After a short break, we were looking forward to visiting the SAM sand dunes, camel rides and campfires with music and folk dances.
On our way to the Sam sand dunes, we stopped over to visit the haunted village of Kuldhara. Set 200 years ago, the Paliwal Brahmin community vanished overnight, leaving behind a ghost village to narrate the tale. We stepped inside some of the abandoned homes. From the terrace of some of these houses, you can get a glimpse of the abandoned village. The whole village wears a desolate look. Since the sun was about to set, we decided to move on as it was getting quite eerie. Many interesting stories float around this place about the haunted village.
We spent a long time enjoying the vast expanse of sand, walking, and taking turns on camel rides. Our group decided to take a camel cart ride to reach the sunset point. The sunset is spectacular. There is nothing like watching a beautiful sunset to end a day. It had started getting dark as we made our way back to the main road leading us to Jaisalmer.
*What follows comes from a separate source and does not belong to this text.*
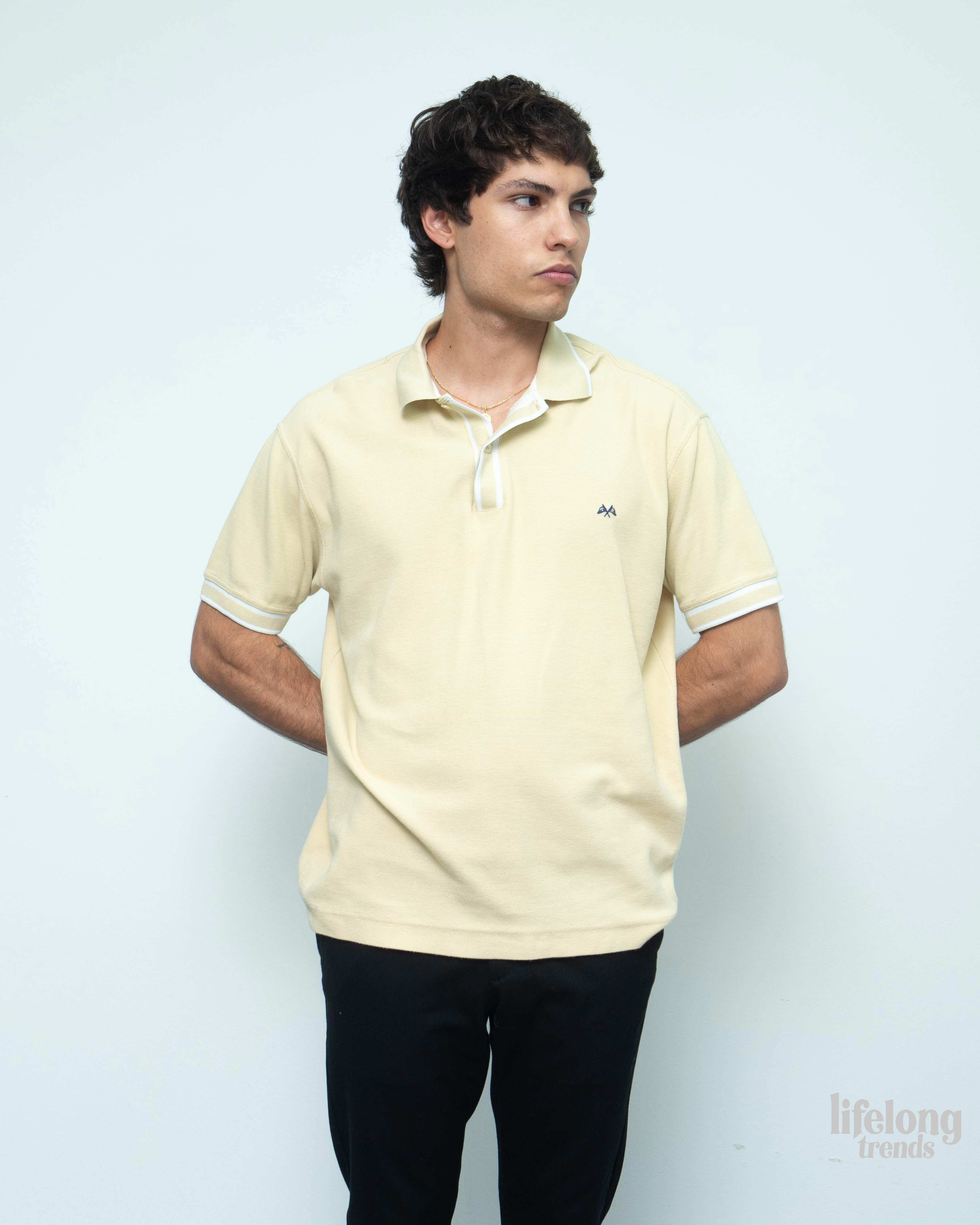 Polo Thomas Burberry vintage en color crema, con el logo bordado en el pecho.

After the mesmerizing sunset, we were looking forward to the desert camp to enjoy the campfire, music and local folk dance show by the local community.
"Drifting across the vast space, silent except for wind and footsteps, I felt uncluttered and unhurried for the first time in a while, already on desert time."
- Rebecca Solnit
Wrapping up the fun- travelling back through Pushkar and Ajmer -
After two eventful days in Jaisalmer, we started our return journey to Jaipur. We decided to travel through Pushkar and Ajmer on our way back to Jaipur. We were keen to visit the temple town of Pushkar.
We reached Pushkar around 4 pm and headed straight to the temple area. Snuggled in the lap of Aravalli hills and near the serene Pushkar lake is the Brahma temple. Temples and 52 ghats surround the lake. It is believed that if a person takes a dip in the lake on Karthik Purnima, it clears one from all sins and cures all skin diseases.
After spending some time window shopping in the shops near the temple and feasting on hot chai and some snacks, we started for Jaipur.
We reached Jaipur at about 9 pm and headed straight for dinner. Since all of us had early morning flights to catch and head home, we decided to call it a day. Promising to meet again on our next trip, we bid goodbyes. We created new invaluable memories from this trip.
The nearest airport for Jaisalmer in Jodhpur. You can drive from Jaipur to Jaisalmer. The distance is about 580Kms. Jaisalmer is also well connected by rail with New Delhi.
Jaisalmer has many good hotels to suit every budget.